Information shown:

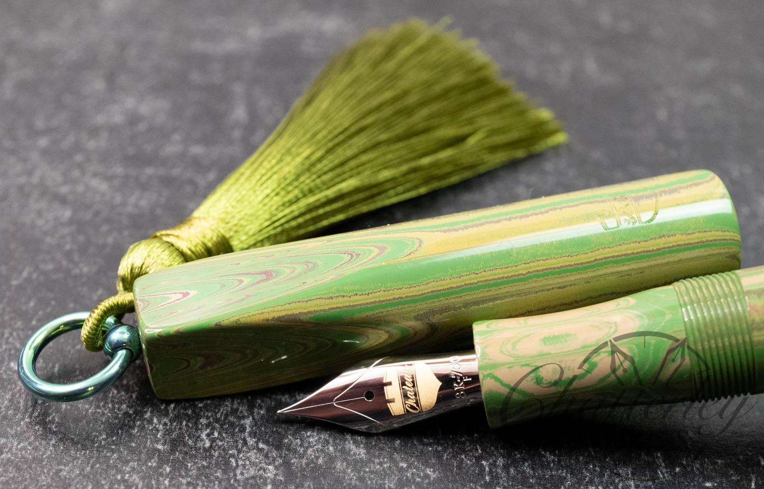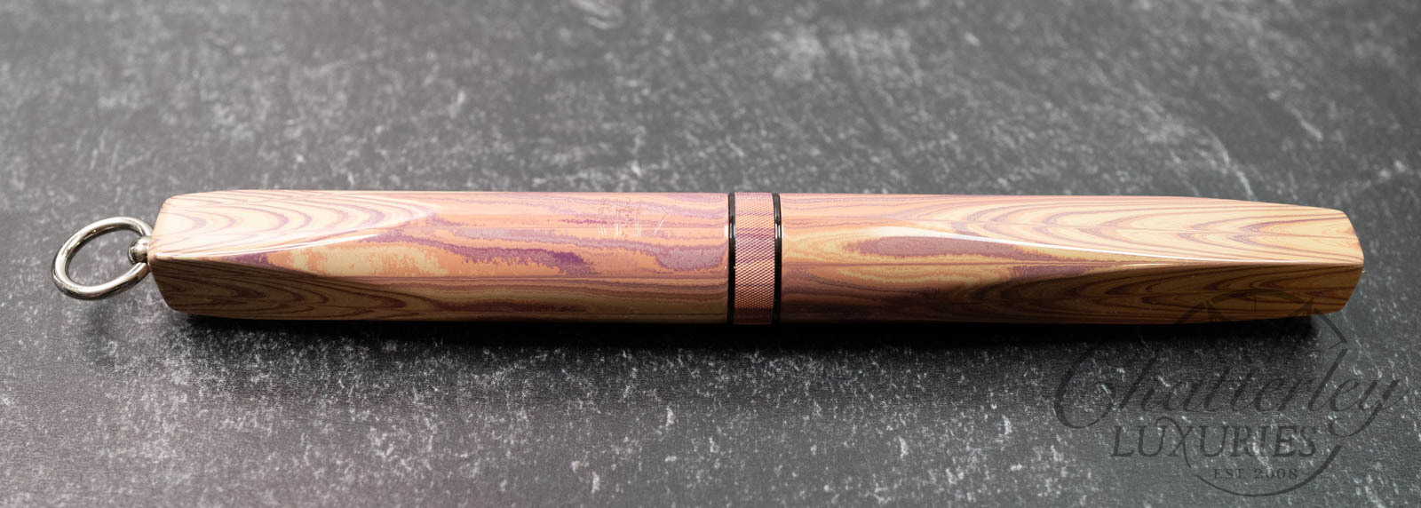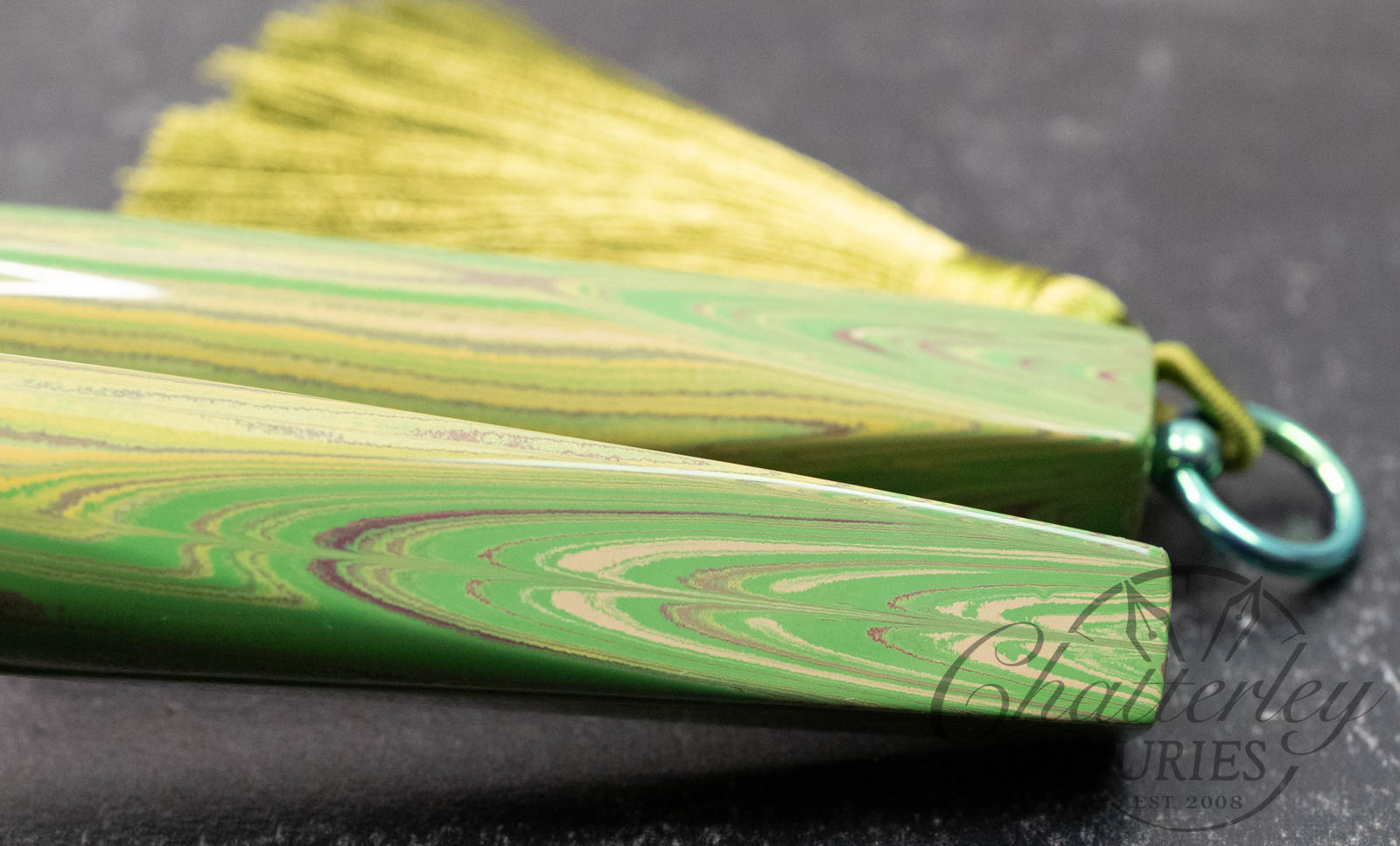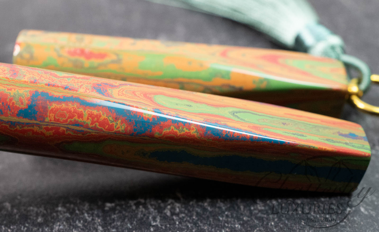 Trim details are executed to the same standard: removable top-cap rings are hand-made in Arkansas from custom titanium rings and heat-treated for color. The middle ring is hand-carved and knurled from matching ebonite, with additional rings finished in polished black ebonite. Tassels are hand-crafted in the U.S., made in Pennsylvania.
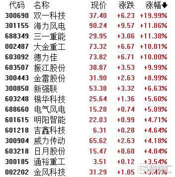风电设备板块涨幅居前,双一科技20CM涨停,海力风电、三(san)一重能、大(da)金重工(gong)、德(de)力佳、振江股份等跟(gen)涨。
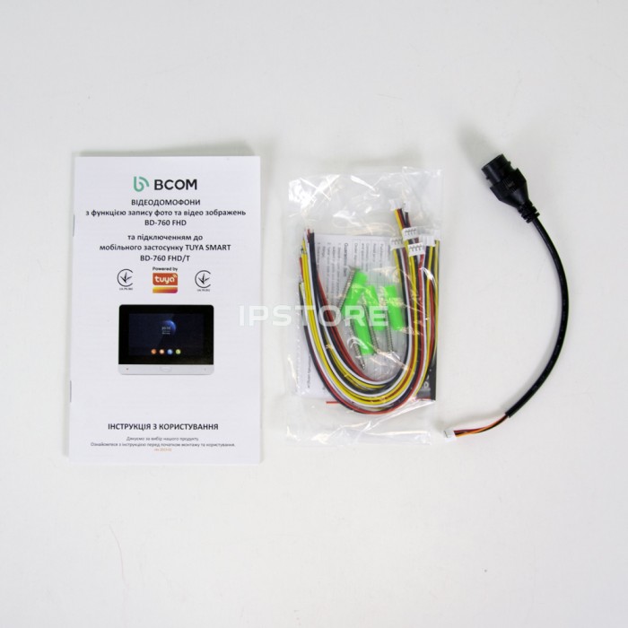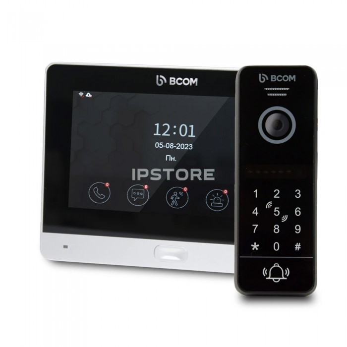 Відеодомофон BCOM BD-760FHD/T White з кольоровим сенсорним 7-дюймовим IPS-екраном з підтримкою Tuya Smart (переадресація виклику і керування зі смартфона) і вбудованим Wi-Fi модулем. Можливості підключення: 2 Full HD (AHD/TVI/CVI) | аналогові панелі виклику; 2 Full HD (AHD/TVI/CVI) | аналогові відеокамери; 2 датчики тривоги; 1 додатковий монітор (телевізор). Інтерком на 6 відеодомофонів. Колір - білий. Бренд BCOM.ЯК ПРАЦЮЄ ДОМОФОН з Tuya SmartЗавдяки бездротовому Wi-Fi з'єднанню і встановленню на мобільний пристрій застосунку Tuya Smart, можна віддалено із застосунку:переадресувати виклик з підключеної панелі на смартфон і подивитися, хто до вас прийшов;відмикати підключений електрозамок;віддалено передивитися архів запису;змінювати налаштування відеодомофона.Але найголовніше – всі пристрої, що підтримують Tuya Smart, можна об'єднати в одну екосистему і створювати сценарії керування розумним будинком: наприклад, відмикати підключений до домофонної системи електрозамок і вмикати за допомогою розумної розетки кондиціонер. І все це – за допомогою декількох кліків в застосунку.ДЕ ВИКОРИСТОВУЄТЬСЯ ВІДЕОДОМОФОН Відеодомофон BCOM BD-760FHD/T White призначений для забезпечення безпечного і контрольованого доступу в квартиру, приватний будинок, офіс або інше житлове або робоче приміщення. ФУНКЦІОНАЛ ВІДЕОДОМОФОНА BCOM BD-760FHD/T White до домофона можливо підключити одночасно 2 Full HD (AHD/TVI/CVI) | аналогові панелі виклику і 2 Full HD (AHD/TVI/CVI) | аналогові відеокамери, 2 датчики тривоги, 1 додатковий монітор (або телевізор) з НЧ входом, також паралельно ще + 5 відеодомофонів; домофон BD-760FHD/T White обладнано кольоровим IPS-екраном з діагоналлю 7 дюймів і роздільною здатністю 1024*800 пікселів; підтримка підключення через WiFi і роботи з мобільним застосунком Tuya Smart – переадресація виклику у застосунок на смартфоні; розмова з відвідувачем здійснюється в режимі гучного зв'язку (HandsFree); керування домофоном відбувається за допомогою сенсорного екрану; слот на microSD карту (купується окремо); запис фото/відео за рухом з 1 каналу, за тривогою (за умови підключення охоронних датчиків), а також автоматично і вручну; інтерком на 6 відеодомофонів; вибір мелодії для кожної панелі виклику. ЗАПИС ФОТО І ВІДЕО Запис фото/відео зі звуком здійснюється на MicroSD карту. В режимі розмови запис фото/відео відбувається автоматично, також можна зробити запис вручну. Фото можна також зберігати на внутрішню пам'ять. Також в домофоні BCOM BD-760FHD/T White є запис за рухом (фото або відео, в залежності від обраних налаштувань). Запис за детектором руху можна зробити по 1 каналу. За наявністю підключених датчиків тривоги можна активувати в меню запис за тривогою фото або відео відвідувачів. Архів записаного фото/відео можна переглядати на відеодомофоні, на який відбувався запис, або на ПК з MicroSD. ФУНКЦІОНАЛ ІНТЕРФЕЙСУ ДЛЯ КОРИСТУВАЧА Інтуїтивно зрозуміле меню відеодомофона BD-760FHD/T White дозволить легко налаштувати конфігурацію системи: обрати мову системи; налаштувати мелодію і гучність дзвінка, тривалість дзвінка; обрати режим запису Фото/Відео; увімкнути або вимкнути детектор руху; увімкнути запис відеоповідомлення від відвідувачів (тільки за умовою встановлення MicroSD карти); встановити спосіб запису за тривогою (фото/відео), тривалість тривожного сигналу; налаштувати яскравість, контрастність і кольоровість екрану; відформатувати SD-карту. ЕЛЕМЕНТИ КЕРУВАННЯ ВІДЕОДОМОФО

Task instructions:
Each line above should be written out again exactly, without any image.

Answer to this task:
 Trim details are executed to the same standard: removable top-cap rings are hand-made in Arkansas from custom titanium rings and heat-treated for color. The middle ring is hand-carved and knurled from matching ebonite, with additional rings finished in polished black ebonite. Tassels are hand-crafted in the U.S., made in Pennsylvania.
风电设备板块涨幅居前,双一科技20CM涨停,海力风电、三(san)一重能、大(da)金重工(gong)、德(de)力佳、振江股份等跟(gen)涨。
 Відеодомофон BCOM BD-760FHD/T White з кольоровим сенсорним 7-дюймовим IPS-екраном з підтримкою Tuya Smart (переадресація виклику і керування зі смартфона) і вбудованим Wi-Fi модулем. Можливості підключення: 2 Full HD (AHD/TVI/CVI) | аналогові панелі виклику; 2 Full HD (AHD/TVI/CVI) | аналогові відеокамери; 2 датчики тривоги; 1 додатковий монітор (телевізор). Інтерком на 6 відеодомофонів. Колір - білий. Бренд BCOM.ЯК ПРАЦЮЄ ДОМОФОН з Tuya SmartЗавдяки бездротовому Wi-Fi з'єднанню і встановленню на мобільний пристрій застосунку Tuya Smart, можна віддалено із застосунку:переадресувати виклик з підключеної панелі на смартфон і подивитися, хто до вас прийшов;відмикати підключений електрозамок;віддалено передивитися архів запису;змінювати налаштування відеодомофона.Але найголовніше – всі пристрої, що підтримують Tuya Smart, можна об'єднати в одну екосистему і створювати сценарії керування розумним будинком: наприклад, відмикати підключений до домофонної системи електрозамок і вмикати за допомогою розумної розетки кондиціонер. І все це – за допомогою декількох кліків в застосунку.ДЕ ВИКОРИСТОВУЄТЬСЯ ВІДЕОДОМОФОН Відеодомофон BCOM BD-760FHD/T White призначений для забезпечення безпечного і контрольованого доступу в квартиру, приватний будинок, офіс або інше житлове або робоче приміщення. ФУНКЦІОНАЛ ВІДЕОДОМОФОНА BCOM BD-760FHD/T White до домофона можливо підключити одночасно 2 Full HD (AHD/TVI/CVI) | аналогові панелі виклику і 2 Full HD (AHD/TVI/CVI) | аналогові відеокамери, 2 датчики тривоги, 1 додатковий монітор (або телевізор) з НЧ входом, також паралельно ще + 5 відеодомофонів; домофон BD-760FHD/T White обладнано кольоровим IPS-екраном з діагоналлю 7 дюймів і роздільною здатністю 1024*800 пікселів; підтримка підключення через WiFi і роботи з мобільним застосунком Tuya Smart – переадресація виклику у застосунок на смартфоні; розмова з відвідувачем здійснюється в режимі гучного зв'язку (HandsFree); керування домофоном відбувається за допомогою сенсорного екрану; слот на microSD карту (купується окремо); запис фото/відео за рухом з 1 каналу, за тривогою (за умови підключення охоронних датчиків), а також автоматично і вручну; інтерком на 6 відеодомофонів; вибір мелодії для кожної панелі виклику. ЗАПИС ФОТО І ВІДЕО Запис фото/відео зі звуком здійснюється на MicroSD карту. В режимі розмови запис фото/відео відбувається автоматично, також можна зробити запис вручну. Фото можна також зберігати на внутрішню пам'ять. Також в домофоні BCOM BD-760FHD/T White є запис за рухом (фото або відео, в залежності від обраних налаштувань). Запис за детектором руху можна зробити по 1 каналу. За наявністю підключених датчиків тривоги можна активувати в меню запис за тривогою фото або відео відвідувачів. Архів записаного фото/відео можна переглядати на відеодомофоні, на який відбувався запис, або на ПК з MicroSD. ФУНКЦІОНАЛ ІНТЕРФЕЙСУ ДЛЯ КОРИСТУВАЧА Інтуїтивно зрозуміле меню відеодомофона BD-760FHD/T White дозволить легко налаштувати конфігурацію системи: обрати мову системи; налаштувати мелодію і гучність дзвінка, тривалість дзвінка; обрати режим запису Фото/Відео; увімкнути або вимкнути детектор руху; увімкнути запис відеоповідомлення від відвідувачів (тільки за умовою встановлення MicroSD карти); встановити спосіб запису за тривогою (фото/відео), тривалість тривожного сигналу; налаштувати яскравість, контрастність і кольоровість екрану; відформатувати SD-карту. ЕЛЕМЕНТИ КЕРУВАННЯ ВІДЕОДОМОФО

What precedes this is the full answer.